Hey guys, it's been awhile, but I used Outcast in the past for an FFL transfer and I know they had firearms for sale at that time. Does anyone happen to know if they still do that, and also if they are able to order firearms? I'm out in Afghanistan, and I'm looking to have a new bolt gun waiting on me when I get home. I wanted to check their price on the rifle I want for a new build. I tried going to their website to get an email, but it says it's down. Calling is also not an option for me out here. Anyone have any info?


----------



## submariner (Oct 2, 2007)

they gave up on fire armes


----------



## 11101110111 (Sep 21, 2011)

That's unfortunate to hear. They don't even handle FFL transfers anymore?


----------



## MikeG (Oct 5, 2007)

You would have to be there to do the paperwork for the transfer. Are you coming home from overseas?


----------



## Lil' Scout (Oct 1, 2007)

They still do FFL xfer. I just had something shipped to them. Give'm a call.


----------



## 11101110111 (Sep 21, 2011)

MikeG said:


> You would have to be there to do the paperwork for the transfer. Are you coming home from overseas?
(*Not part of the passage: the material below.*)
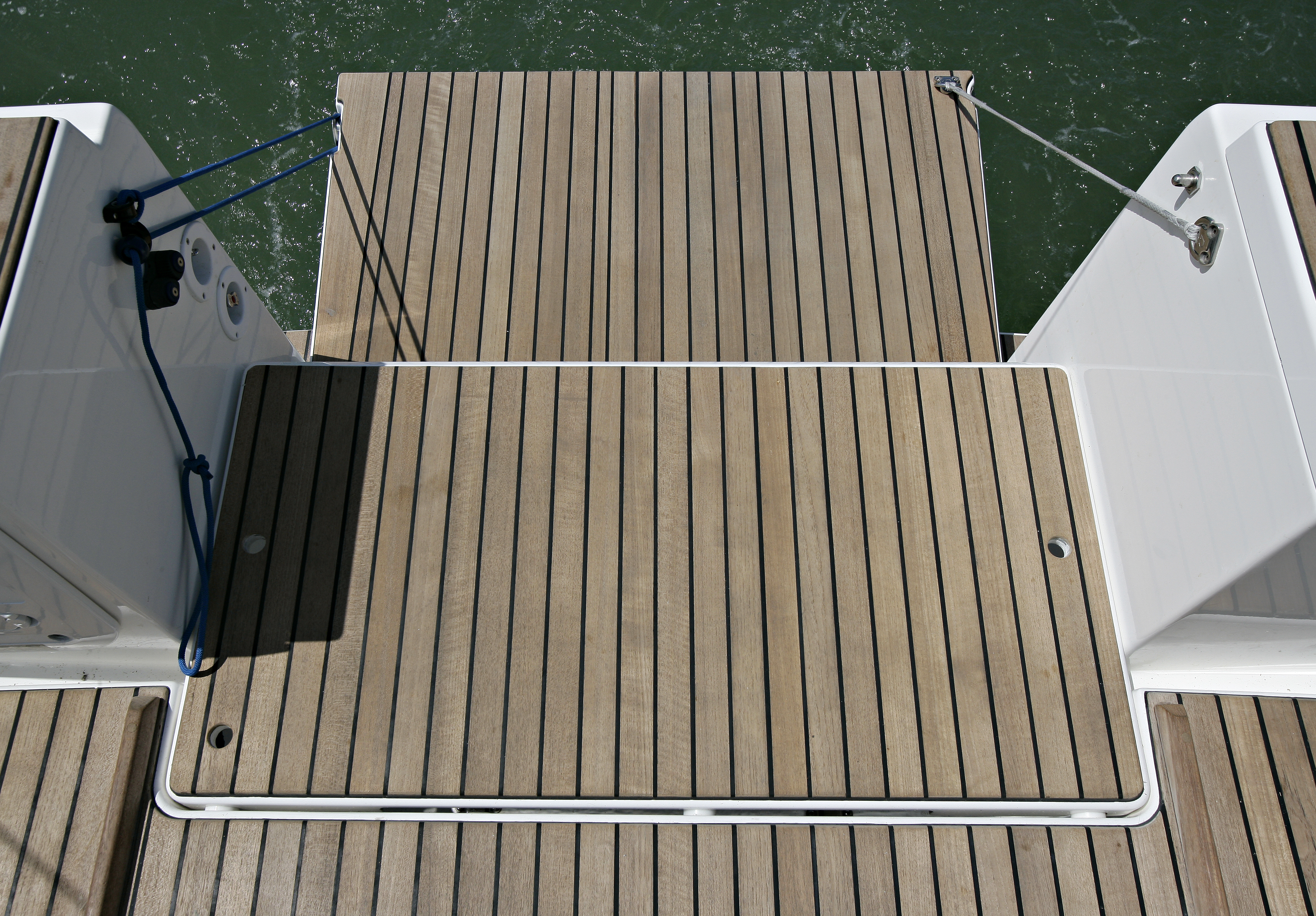 | Outside | 220 V-Landanschluss, Badeplattform, Biminitop, Cockpitdusche, Cockpitlautsprecher, Cockpittisch, Delta-Anker, elektr. Ankerwinsch, Gangway, Solaranlage, Sprayhood |

Yep, I'll be home in a few days. I was planning to order something to have it ready for me when I get there. Wife, dogs, cheeseburger, range. In that order. :thumbsup:


----------



## 11101110111 (Sep 21, 2011)

Lil' Scout said:


> They still do FFL xfer. I just had something shipped to them. Give'm a call.


Unfortunately, I won't be able to call them from out here. I was trying to locate an email address for them. Anyone happen to have one?


----------



## Lil' Scout (Oct 1, 2007)

11101110111 said:


> Unfortunately, I won't be able to call them from out here. I was trying to locate an email address for them. Anyone happen to have one?
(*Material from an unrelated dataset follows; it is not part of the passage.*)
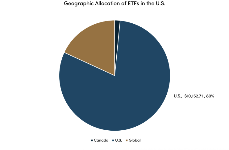 Meanwhile, U.S. listed ETFs invest domestically, with approximately 80% of assets invested in ETF products domiciled in the U.S., with just under 2% allocated to Canadian securities, as illustrated below.⁴
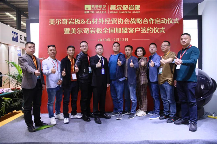 展会开幕当天,蒙娜丽莎-绿屋建科正式启动了美尔奇岩板与石材外经贸协会的战略合作,同时与石空速配网就线上营销新模式的合作进行签约。与此同时,来自全国各地的二十多位石材渠道客户,纷纷与美尔奇岩板签订合作协议。

They're on this forum as Outcast. You can PM them.


----------



## 11101110111 (Sep 21, 2011)

Excellent, thanks for the info.


----------



## sj1 (Aug 18, 2011)

Not to distract from the subject, but thank you for your service, and enjoy your return home.


----------



## Spoolin Up (May 3, 2011)

sj1 said:


> Not to distract from the subject, but thank you for your service, and enjoy your return home.


+1 Come home safe


----------



## 20simmons sea skiff (Aug 20, 2010)

*guns*

gander mountain does transfers orders the whole ballof wax


----------



## bobinbusan (Feb 16, 2010)

Same as Big DADDY SAYS, +1 Come home safe :thumbsup:


----------